El funcionario de Jalisco no solo ha demostrado una alarmante falta de liderazgo, sino que parece completamente desconectado de la gravedad del momento.
Mientras el secretario de Seguridad Pública de Jalisco, Juan Pablo Hernández, ofrece declaraciones vacías y promesas que suenan a burla, en Teocaltiche siguen desaparecidos cuatro policías y un chofer, y sus familias —como la ciudadanía— sobreviven entre el miedo, la impunidad y el abandono institucional. ¿Cuántos muertos más se necesitan para que el Estado actúe con seriedad?
A casi dos meses de la desaparición de ocho policías municipales que se dirigían a Guadalajara para presentar sus exámenes de control y confianza, el secretario apenas “adelanta” que en los próximos días empezarán a aplicar las pruebas en Teocaltiche y Villa Hidalgo. Lo dice como si no cargara ya con el costo de cuatro elementos asesinados y otros cinco que no han vuelto a casa.
La inacción no solo es escandalosa: es criminal. ¿Dónde estaba el control estatal antes del 18 de febrero? ¿Quién autorizó que los policías viajaran solos, por carretera, en una de las regiones más peligrosas del estado? ¿Qué clase de estrategia permite que corporaciones enteras operen sin evaluaciones vigentes y sin ningún tipo de supervisión real?
El secretario Juan Pablo Hernández no solo ha demostrado una alarmante falta de liderazgo, sino que parece completamente desconectado de la gravedad del momento. Su discurso burocrático, plagado de frases condicionadas como “en próximos días”, “pudiéramos empezar” o “una vez estén acreditados”, es una bofetada a las víctimas y a la sociedad jalisciense.

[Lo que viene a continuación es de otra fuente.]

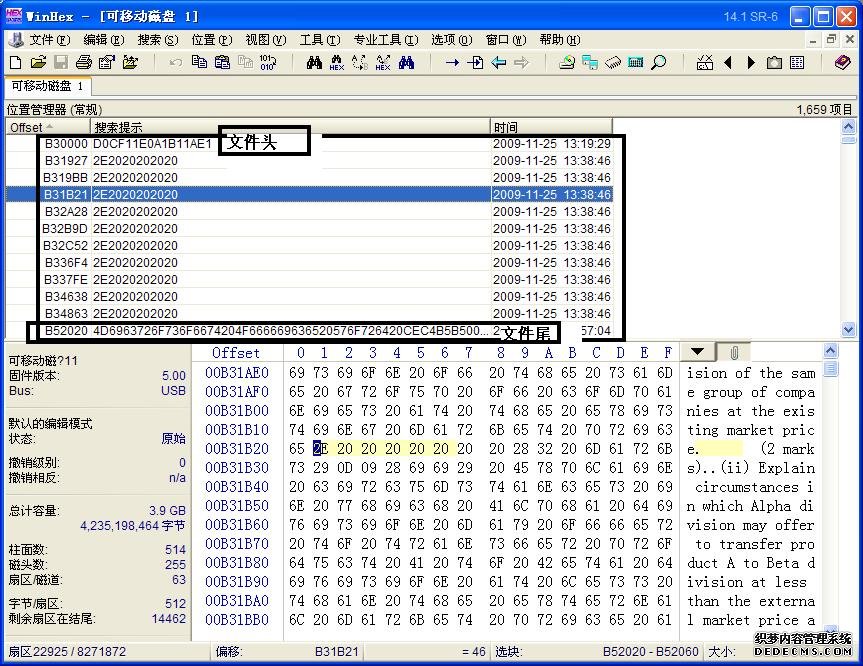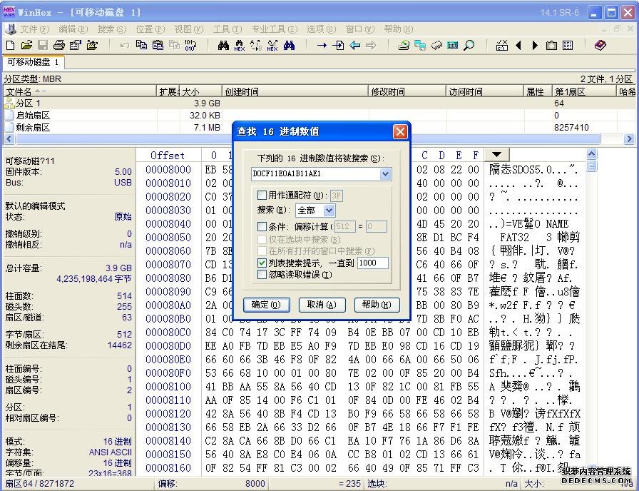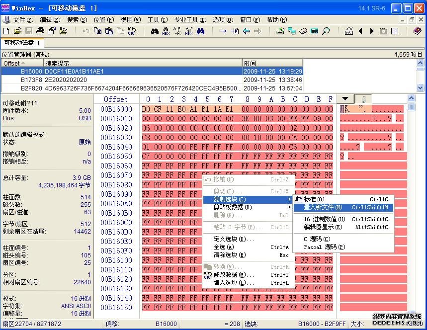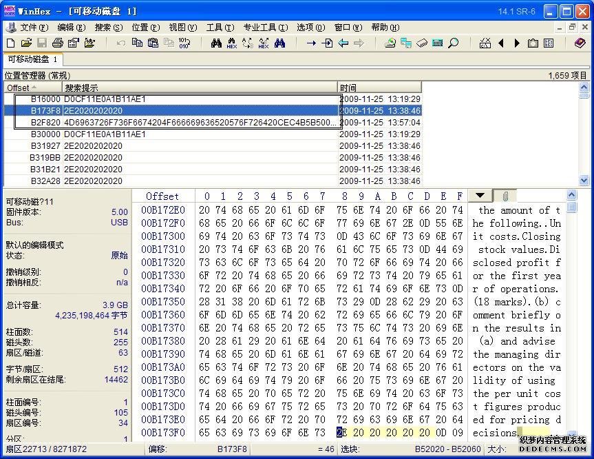 1、用WinHex打开U盘,搜索Doc文件头D0CF11E0A1B11AE1,如下图: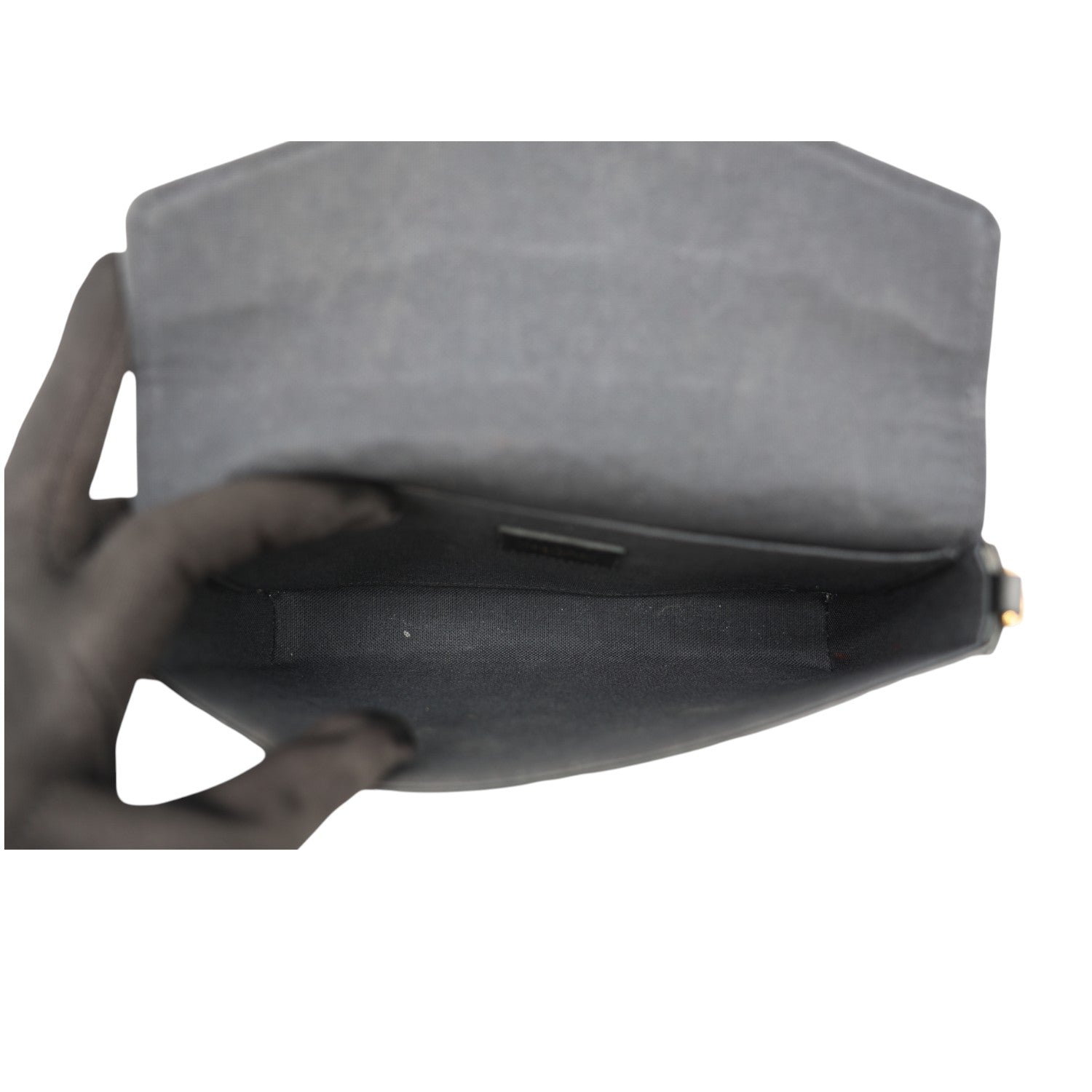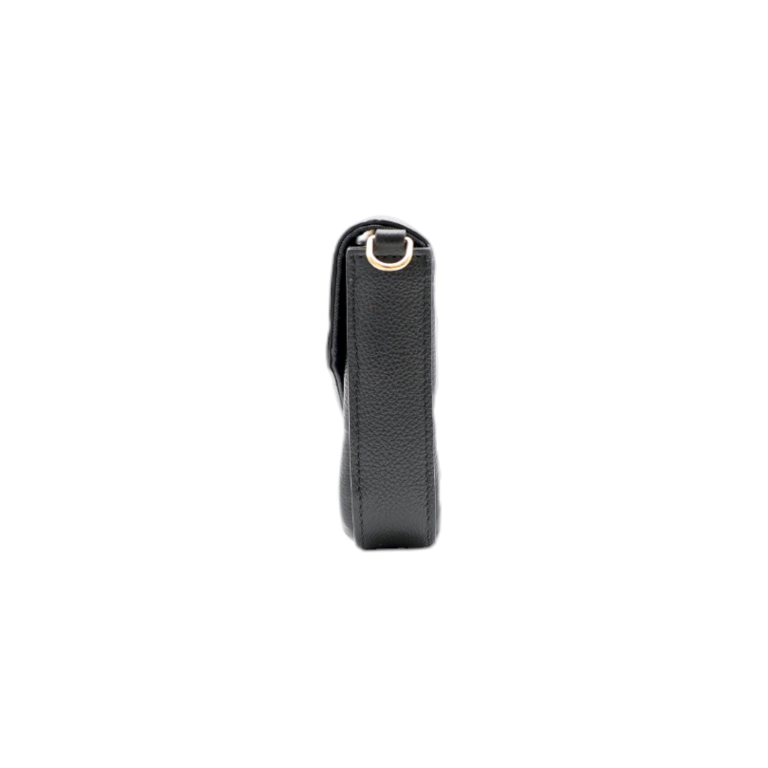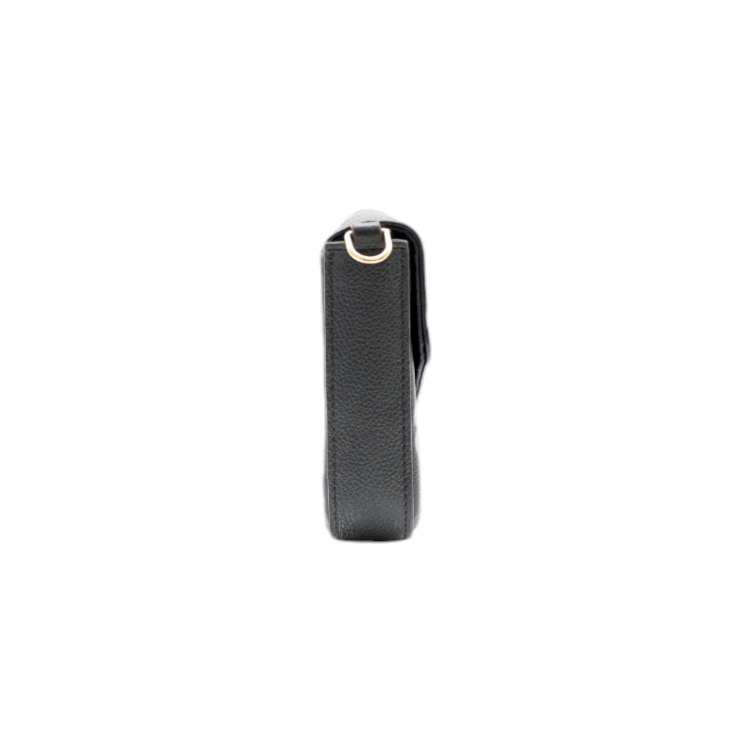 The image shows the bag in black empreinte leather. It has a classic crossbody design. The bag is shown in a sleek black color, highlighting its elegant appearance. The empreinte leather adds a unique texture. Ideal for everyday use.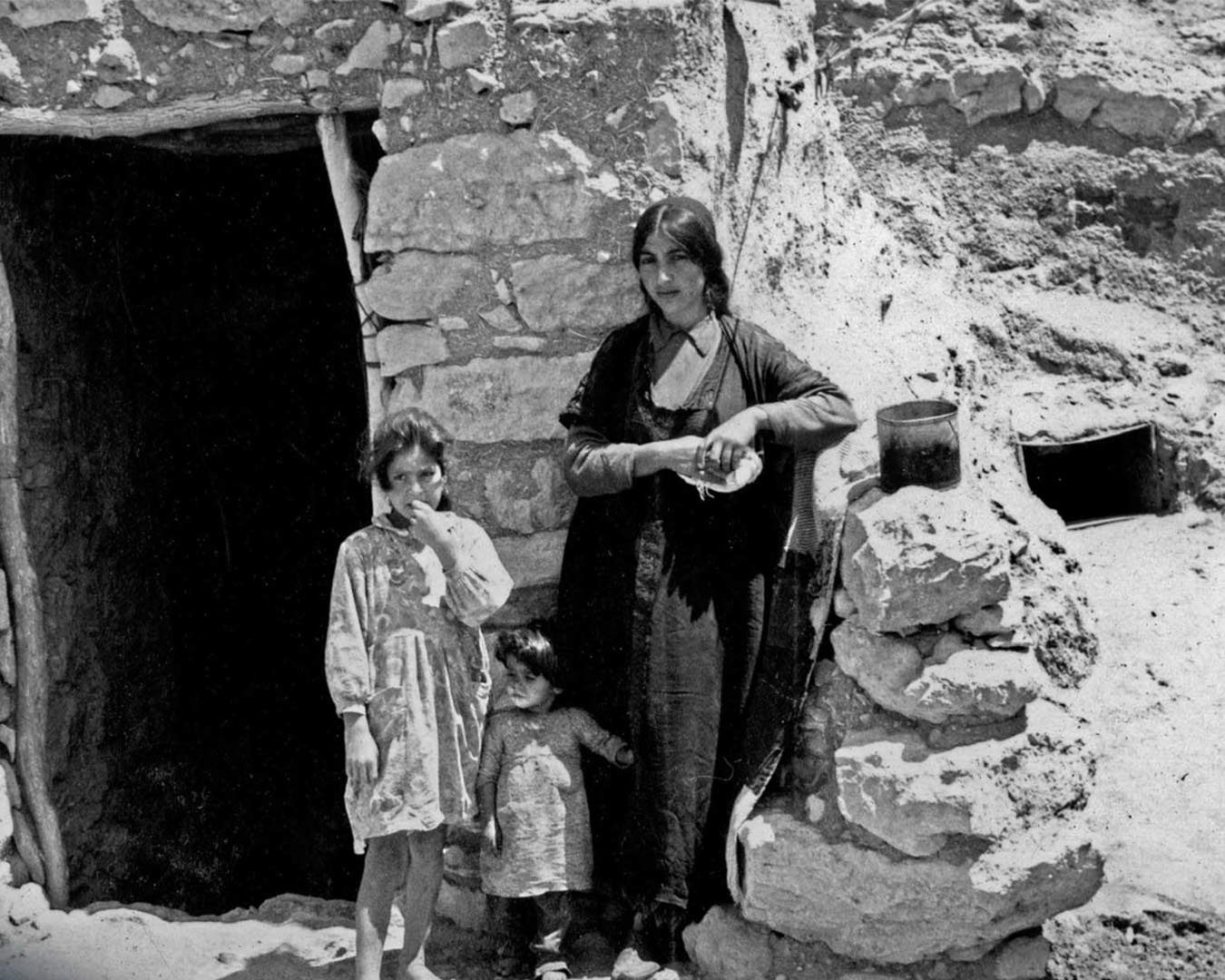 This photograph reveals a rare glimpse into the early stages of settlement in Madaba in the late 19th century, showing a woman standing at the entrance of a simple cave with two young girls.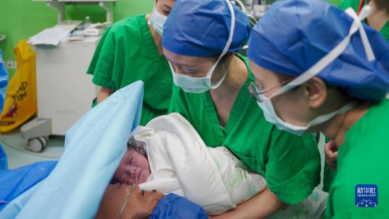 中國(guó)海軍“和平方舟”號(hào)醫(yī)院船執(zhí)行“和諧使命-2023”任務(wù)中的第3名“和平寶寶”在東帝汶誕生,新生兒與母親第一次見(jiàn)面(9月5日攝)。新華社發(fā)(李珂嘉賀 攝)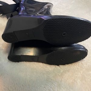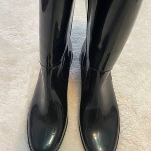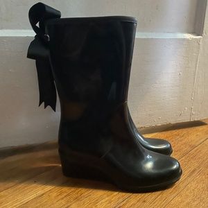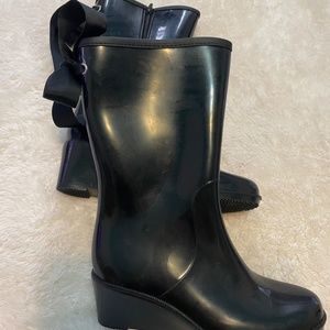 Womens Mid Calf Rubber Waterproof Wedges Black Rain Boots Size 8.5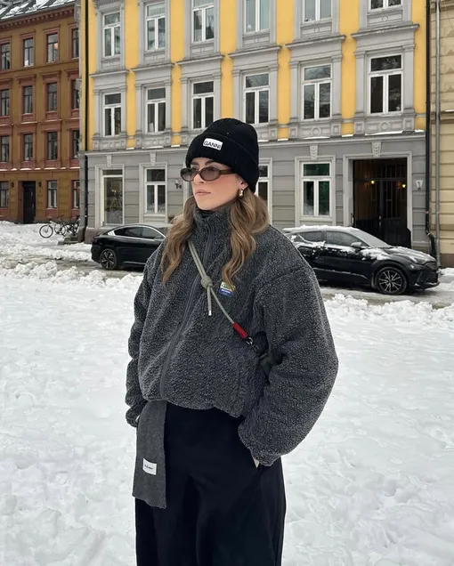 Кто сказал, что челка и шапка несовместимы? Выбирай объемную бини или капор, которые смещаются на затылок, позволяя челке эффектно выглядывать. Или примерь модную оверсайз балаклаву, которая выгодно подчеркнет линию бровей.
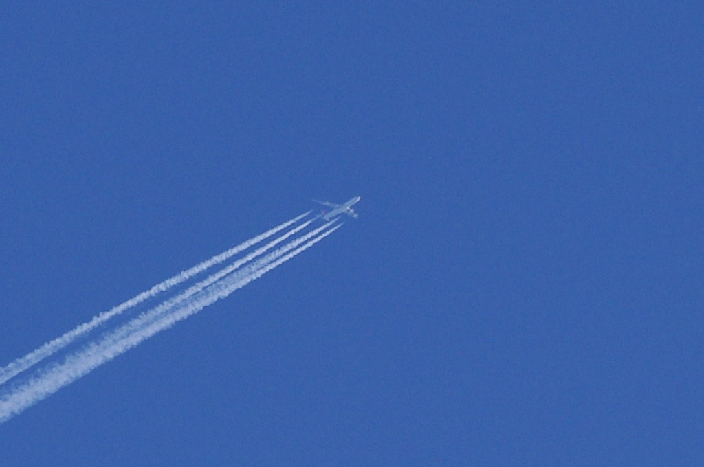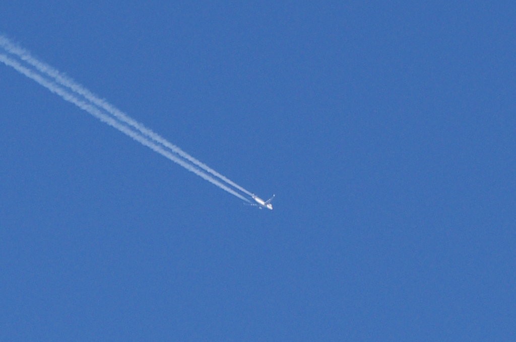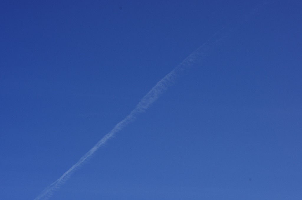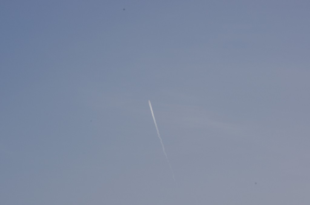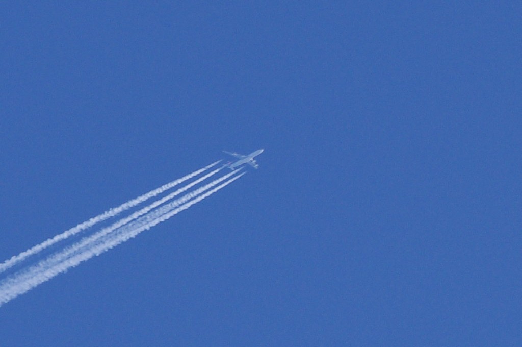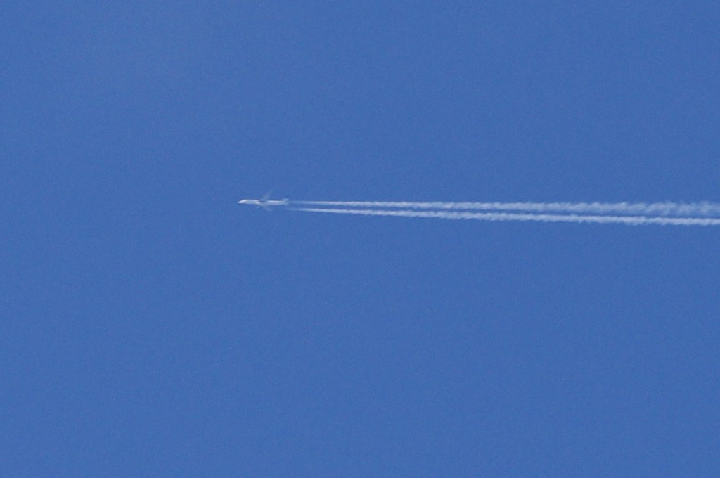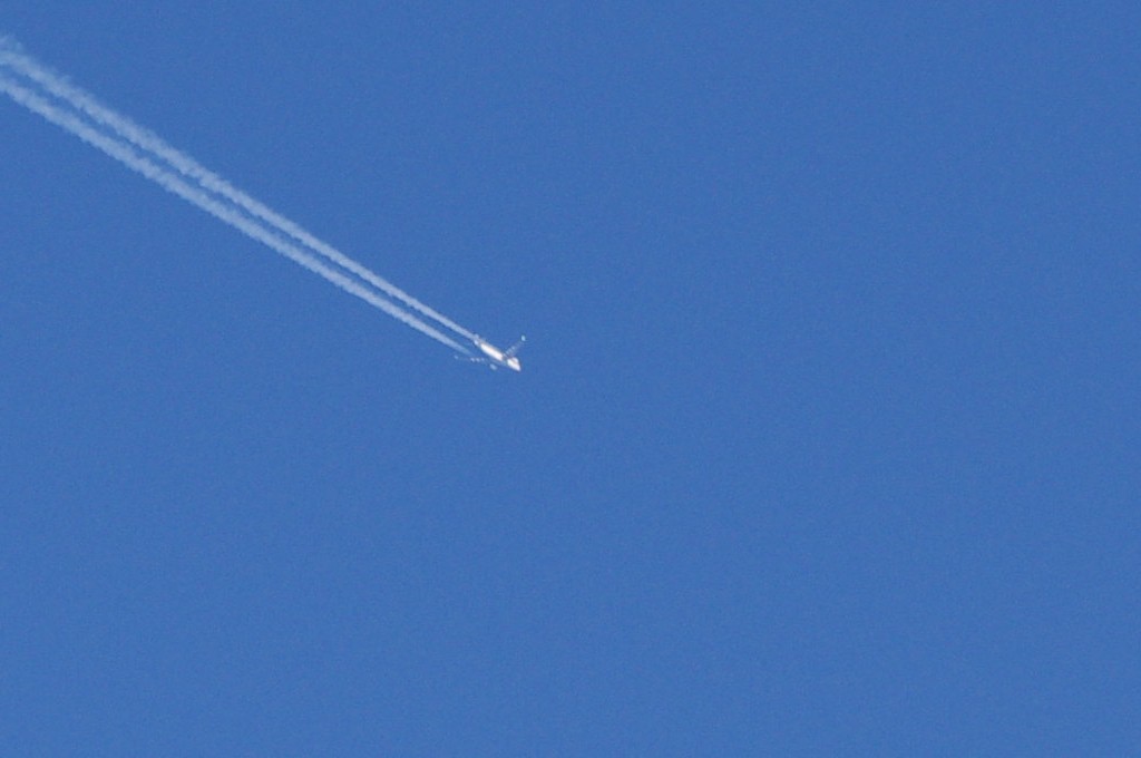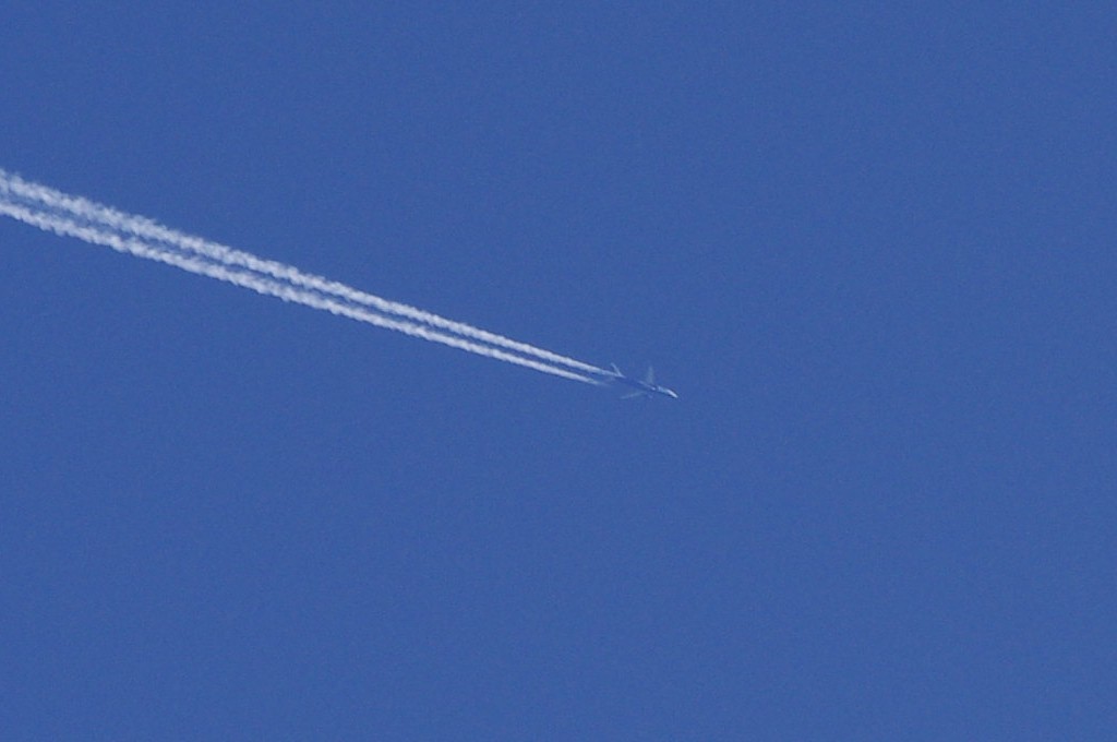 Prošla mi je točno iznad glave. Četveromotorna Ajkula. Smjer: SE. Količina kemikalija koju ispušta je upravo nevjerovatna. Trag se relativno brzo raspršio i stvorio finu bjelkastu kemijsku izmagljicu.

Bajo su gestión, la seguridad pública en Jalisco ha dejado de ser una prioridad real para convertirse en una simulación grotesca, sostenida con ruedas de prensa, comunicados reciclados y un lenguaje técnico que disfraza la falta total de resultados. El caso de Teocaltiche es solo la punta del iceberg: un reflejo doloroso de lo que pasa cuando la autoridad se ausenta, cuando la omisión se vuelve política de Estado y cuando la vida de los policías —y de los ciudadanos— vale menos que una promesa incumplida.
Hernández ha sido incapaz de garantizar condiciones mínimas para el ejercicio policial, mucho menos para reconstruir la confianza de una población golpeada por el crimen. Su propuesta de reentrenamiento es tan absurda como tardía: no se puede reentrenar a policías que ya están muertos. No se puede hablar de control y confianza cuando su propia Secretaría ni siquiera puede proteger a quienes se supone deben protegernos.
Hoy, más que nunca, es urgente dejar de normalizar esta cadena de negligencias. La situación exige rendición de cuentas, renuncias y un cambio profundo en la manera de entender la seguridad pública en el estado. Porque mientras Juan Pablo Hernández sigue hablando de calendarios, en Teocaltiche siguen esperando justicia.